Edwards v. Sentara Hospitals

CourtDistrict Court, E.D. Virginia
DecidedJanuary 3, 2022
Docket2:21-cv-00105
StatusUnknown

This text of Edwards v. Sentara Hospitals (Edwards v. Sentara Hospitals) is published on Counsel Stack Legal Research, covering District Court, E.D. Virginia primary law. Counsel Stack provides free access to over 12 million legal documents including statutes, case law, regulations, and constitutions.

Bluebook
Edwards v. Sentara Hospitals, (E.D. Va. 2022).

Opinion

IN THE UNITED STATES DISTRICT COURT FOR THE EASTERN DISTRICT OF VIRGINIA NORFOLK DIVISION

JUDSON EDWARDS, SR., Plaintiff, Vv. CIVIL NO. 2:21cv105 SENTARA HOSPITALS, Defendant.
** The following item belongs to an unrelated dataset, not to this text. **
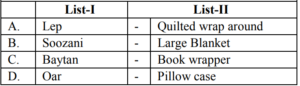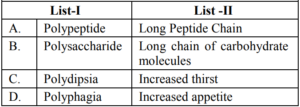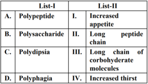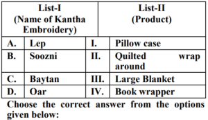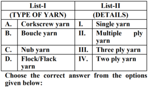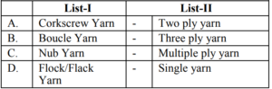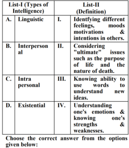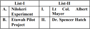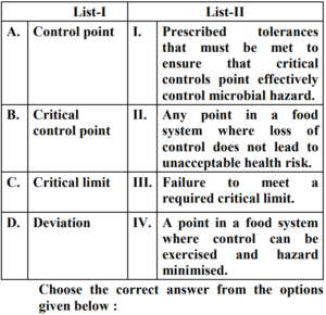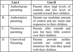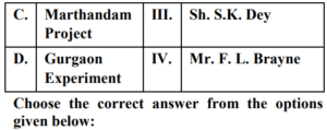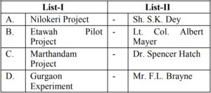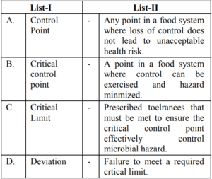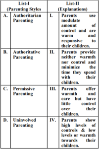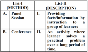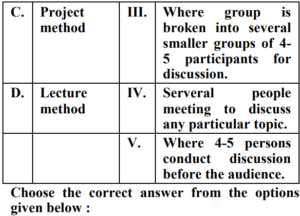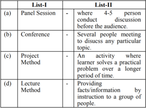 UGC NET/JRF EXAM, December 2022 Paper II (HOME SCIENCE)Total Questions: 10061. Quasi experimental designs can be:A. Non Equivalent groups design B. Non-Cohort design C. Equivalent groups design D. Cohort design E. True experiment design Choose the correct answer from the options given below:(a) B & E Only(b) C & E Only(c) A & D Only(d) A & B OnlyCorrect Answer: (c) A & D OnlySolution:The quasi experimental research is not true experimental deisgn. Because the independent variable is manipulated to observe the effect on dependent variable. Quasi experimental design can be non-equivalent design. The non-equivalent control group design is effective at researching groups that already exists in the population. It can be cohort design.62. Match List-I with List-II Choose the correct answer from the options given below :(a) A-III, B-IV, C-I, D-II(b) A-IV, B-I, C-II, D-III(c) A-II, B-III, C-IV, D-I(d) A-II, B-I, C-IV, D-IIICorrect Answer: (c) A-II, B-III, C-IV, D-ISolution:63. Match List-I with List-II(a) A-II, B-III, C-IV, D-I(b) A-III, B-IV, C-II, D-I(c) A-IV, B-I, C-II, D-III(d) A-II, B-IV, C-I, D-IIICorrect Answer: (d) A-II, B-IV, C-I, D-IIISolution:64. Match List-I with List-II(a) A-IV, B-III, C-II, D-I(b) A-I, B-II, C-III, D-IV(c) A-II, B-III, C-IV, D-I(d) A-III, B-IV, C-I, D-IICorrect Answer: (a) A-IV, B-III, C-II, D-ISolution:65. Match List-I with List-II(a) A-II, B-I, C-III, D-IV(b) A-II, B-III, C-IV, D-I(c) A-III, B-II, C-IV, D-I(d) A-IV, B-I, C-III, D-IICorrect Answer: (b) A-II, B-III, C-IV, D-ISolution:66. Match List-I with List-II(a) A-I, B-II, C-III, D-IV(b) A-II, B-IV, C-I, D-V(c) A-V, B-IV, C-I, D-III(d) A-V, B-IV, C-II, D-ICorrect Answer: (d) A-V, B-IV, C-II, D-ISolution:67. Match List-I with List-II(a) A-II, B-III, C-V, D-VI, E-IV, F-I(b) A-I, B-II, C-III, D-IV, E-V, F-VI(c) A-II, B-V, C-VI, D-III, E-I, F-IV(d) A-VI, B-IV, C-I, D-II, E-III, F-V(e)*Correct Answer: (e)*Solution:68. Match List-I with List-II(a) A-I, B-II, C-III, D-IV(b) A-III, B-I, C-IV, D-II(c) A-IV, B-III, C-II, D-I(d) A-I, B-III, C-II, D-IVCorrect Answer: (b) A-III, B-I, C-IV, D-IISolution:69. Match List-I with List-II Choose the correct answer from the options given below:(a) A-I, B-III, C-II, D-IV(b) A-II, B-I, C-III, D-IV(c) A-IV, B-III, C-II, D-I(d) A-IV, B-I, C-III, D-IICorrect Answer: (d) A-IV, B-I, C-III, D-IISolution:70. Match List-I with List-II Initiatives of Extension Programmes in India. (a) A-III, B-I, C-II, D-IV(b) A-I, B-III, C-II, D-IV(c) A-II, B-I, C-IV, D-III(d) A-IV, B-II, C-I, D-IIICorrect Answer: (a) A-III, B-I, C-II, D-IVSolution:Submit Quiz« Previous12345678910Next »

OPINION AND ORDER This cause of action arises from an accident that occurred during a hospital stay beginning on April 30, 2019, when Mr. Judson Edwards, Sr. (“Plaintiff”) was admitted to Sentara Norfolk General Hospital (“Defendant Sentara”) following an attempted suicide. ECF No. 1, Compl. 5. On May 3, 2019, Plaintiff, an amputee, alleges that he fell while showering and subsequently sustained injuries (“the incident”). Id. J 7-15. Plaintiff now brings the following claims against Defendant Sentara for failure to provide adequate handicap shower facilities: Count II, General Negligence (id. J 34); and Count III, Violation of Title III of the Americans with Disabilities Act (hereinafter “ADA”) (id. at 8).' Defendant Sentara now moves to dismiss Plaintiff's Complaint pursuant to Rules 12(b)(1) and (6) of the Federal Rules of Civil Procedure. ECF Nos. 7, 9. For the reasons stated herein, Defendant Sentara’s Motions to Dismiss are GRANTED. ECF No. 7, 9.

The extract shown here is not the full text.